Monday, September 7, 2015

Tahlequah: The Capitol of the Cherokee Nation

Recently, I went on a road trip to Tahlequah, Oklahoma, one of the most historic towns in the State. My first stop was Morgan’s Bakery in downtown Tahlequah where I succumbed to temptation and ate a glazed doughnut. Revitalized, I walked down the street to Capitol Square and tried to imagine what life was like there during the Civil War era.

My imagination was aided by an antebellum account. In the fall of 1841, Major Ethan Allen Hitchcock traveled to the Indian Territory to investigate charges of fraud in providing supplies to the Cherokees and the Chickasaws after their removal from the southeastern United States. On November 30, 1841, Hitchcock arrived in Tahlequah and wrote in his journal, “As we came in sight of the capital, I saw a number of log houses arranged in order with streets; or one street at all events, was clearly visible but the houses were very small. One house was painted: ‘The Committee sit there’; (some distance off) ‘to the left, the principal chief stays’—we saw a number of people. ‘There are cooks, public cooks we call them’ said Mr. Drew, ‘along those houses, meat etc., is furnished to them and they cook for the public. Everybody can go to the public tables. See there,’ said he, ‘you see some eating dinner.’ I saw some 20 at one table. ‘The nation pays the expense’” (pages 36-37).

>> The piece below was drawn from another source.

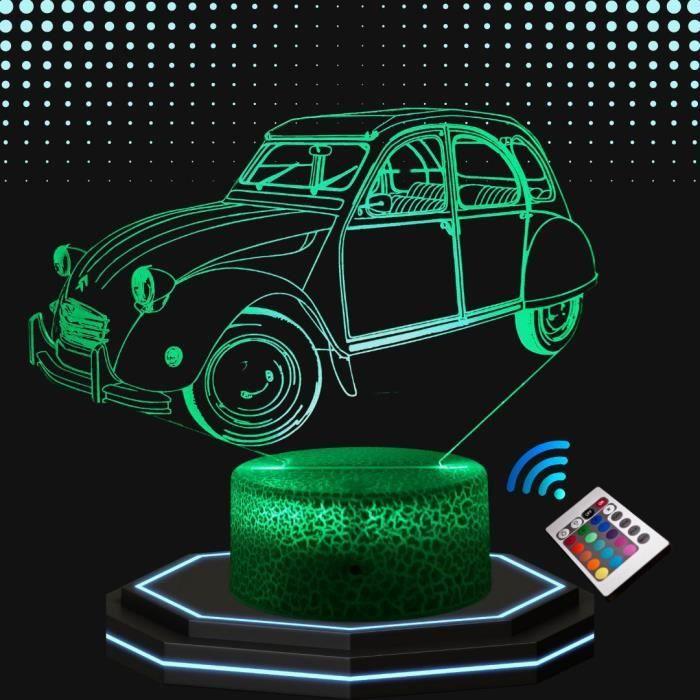 Lampe chevet 3D LED voiture de collection 2CV deux chevaux, Veilleuse changement de couleurs, Lampe tactile bureau chambre vintage

Two years after Hitchcock’s visit, the Cherokee Supreme Court building was erected, and today it houses the Cherokee National Supreme Court Museum. The structure is one of the few surviving pre-war buildings in Oklahoma.

The log structures that housed many of the Cherokee Nation’s government offices were burned during the War and replaced by this handsome brick building in 1870. 

Bear in mind that the Cherokee Nation experienced much devastation during the War and in the postwar period was forced to give up some of its lands in the Reconstruction Treaties. The Nation, though, proved to be exceptionally resilient and rebuilt its society and government in the postwar years. By the way, the monument in front of the building honors Cherokee Confederate soldiers. Seeing this begged a question--why is there no monument to the Cherokee Union soldiers?

Citation for Hitchcock quote: Foreman, Grant, ed. A Traveler in Indian Territory: The Journal of Ethan Allen Hitchcock. Norman: University of Oklahoma Press, 1930 (reprinted in 1996).